Fechei meu olhos e coloquei-me a chorar, mas quando os abri não consegui acredita no que via, teria eu mergulhado definitivamente no poço da loucura? Não havia como aquilo ter acontecido.

Estava eu, sentado diante a porta da entrada, segurando um galão vazio e uma caixa de fósforos, enquanto minha casa ardia em chamas, assim como os confins do inferno.

Como isso poderia ser real? Nada do que vivencei com aquela maldita ave fora verdade?

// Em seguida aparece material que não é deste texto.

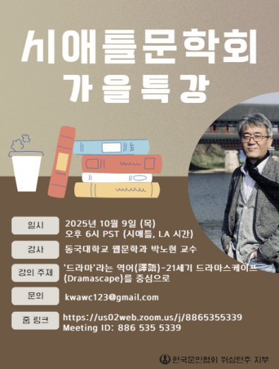 한국문인협회 워싱턴주 지부(시애틀문학회, 회장 박보라)가 가을을 맞아 동국대학교 박노현 교수를 초청해 줌 문학 특강을 개최한다.
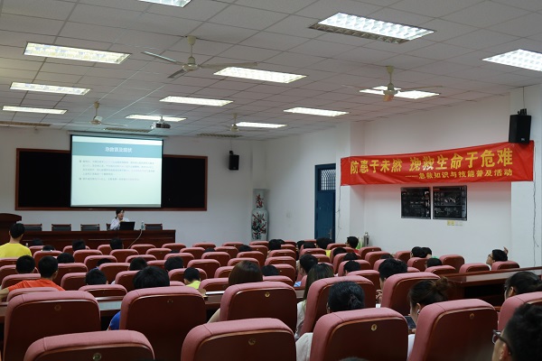 培训现场,张医师阐述了国内外急救技能普及的现状,并通过几个案例指明急救技能的重要性。接着,她结合PPT讲解了急救的几个要点,呼吁同学们遇事不要慌张,要沉着冷静展开施救。张医师的讲解形象生动,同学们都听的很认真。
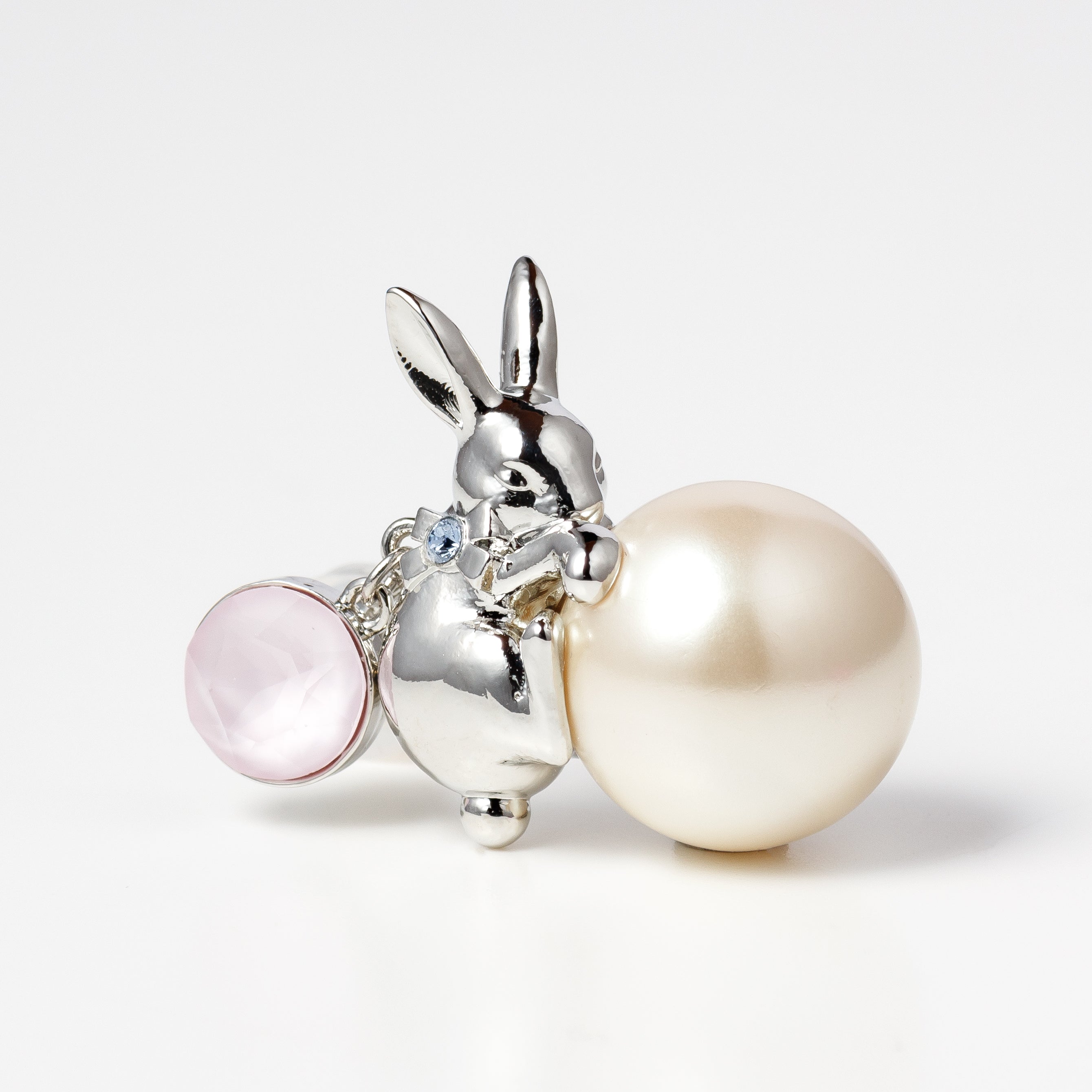 このアクセサリーを見た瞬間に、ふっと「優しい気持ち」になってもらえたら。そんな願いを込めて、うさぎがパールを抱きしめてお昼寝しているような、身につける人によって、自由にその物語を膨らませて楽しんでいただきたい一品です。
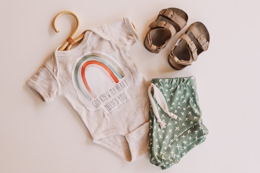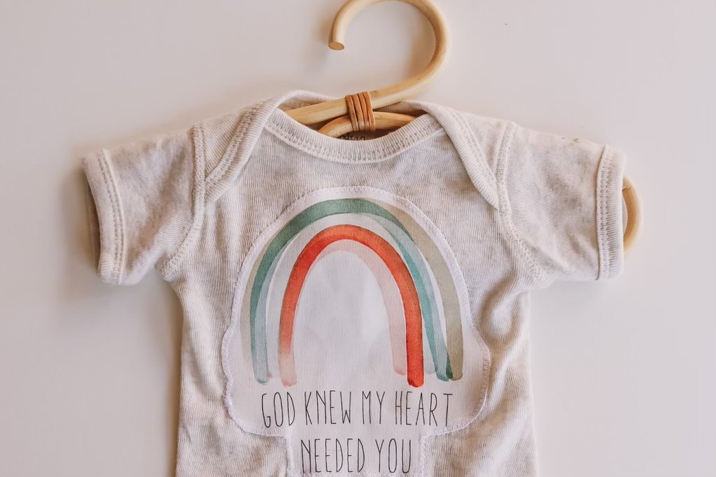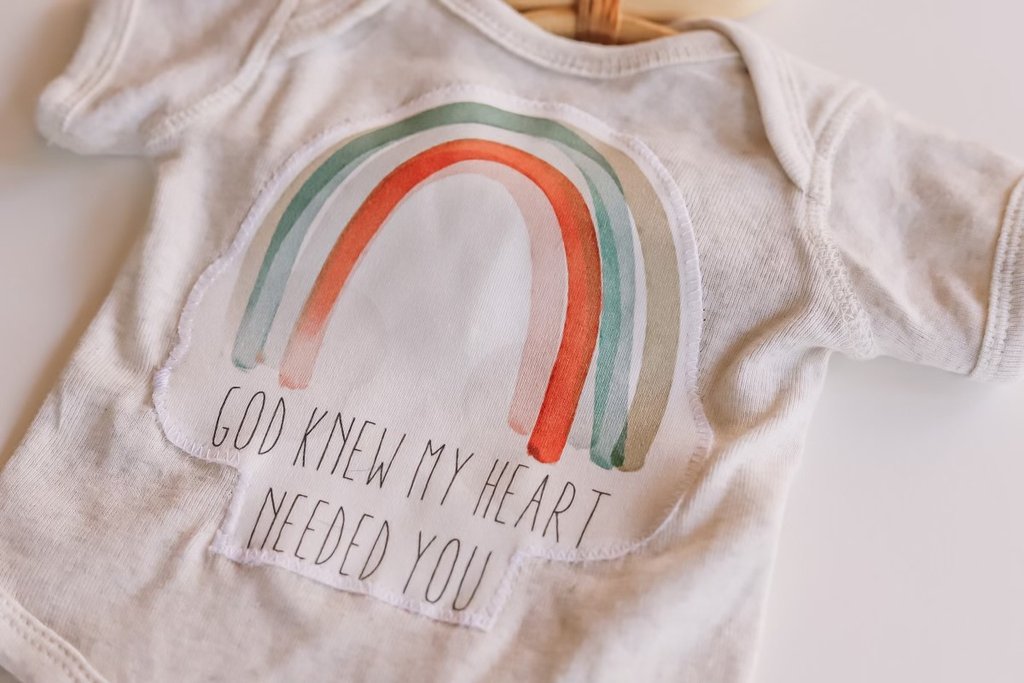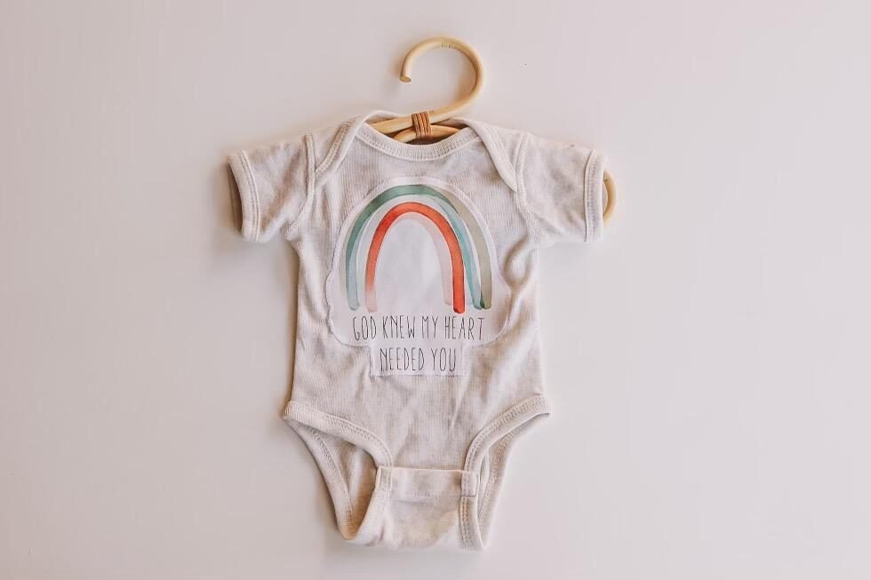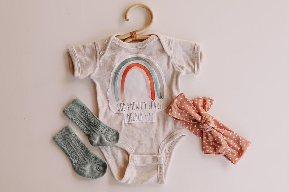 Soft “stone” colored onesie with the perfect message for your most perfect babe. “God Knew My Heart Needed You” appliqué is soft and hand sewn onto the onesie.
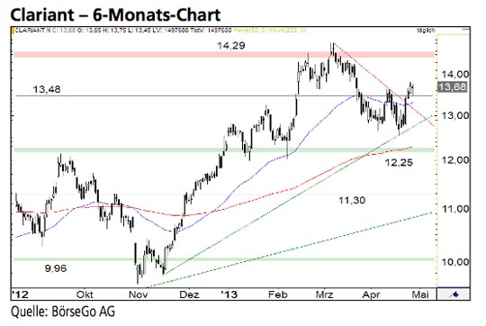 Die Aktien von Clariant scheinen den kurzfristigen Abwärtstrend der letzten Tage beendet zu haben. Die Auf- wärtsdynamik des jüngsten Kaufimpulses legt bereits jetzt die Fortsetzung der Hausse nahe. Die Long-Szenarien: Oberhalb von 13,48 CHF könnte sich der bullishe Gegenschlag fortsetzen und zu einem Anstieg über die kleine Hürde bei 14,00 CHF führen. Wird diese Marke gebrochen, stünden der Widerstand bei 14,29 CHF und das Verlaufshoch bei 14,81 CHF auf der Agenda. Ein nachhaltiger Ausbruch über diese Kurszone würde die Aktien unmittelbar in den übergeordneten Aufwärtstrend zurückführen. Entsprechend dürfte ein solches Kaufsignal zu einem Anstieg bis 15,50 und 16,00 CHF führen. Die Short-Szenarien: Sollte der Wert dagegen unter 13,48 CHF zurückfallen, könnte bereits bei 13,00 CHF ein weiterer Kaufimpuls einsetzen. Erst darunter wäre mit einer Ausweitung der Korrektur und Abgaben bis 12,25 CHF zu rechnen. Wird die- se Haltemarke jedoch gebrochen, dürfte ein Ausverkauf bis 11,30 CHF folgen und ein kleines Verkaufssignal auslösen.

Olhei para a árvore e lá estava o demoníaco corvo, me olhando com ar de satisfação. Pouco tempo depois chegaram a polícia e os bombeiros, e de nada mais consegui me lembrar. Me disseram que quando me encontraram, estava eu a gritar com uma suposta ave que ninguém mais via, dizendo que tudo era culpa daquela criatura bestial.

Vários anos se passaram desde então, e aqui estou eu nessa cela, condenado por queimar minha casa e por matar minha esposa, que se encontrava dormindo no momento do incêndio. Ela havia escrito uma carta para sua família, onde contara sobre nossa pobre relação, e que estava com medo de que eu pudesse fazer algo de ruim a ela.

Ainda hoje falo com esse ser maldito, que é o verdadeiro culpado pelo crime que cometi, mas sua resposta é sempre a mesma:

“Sabes quem sou e porque estou aqui.”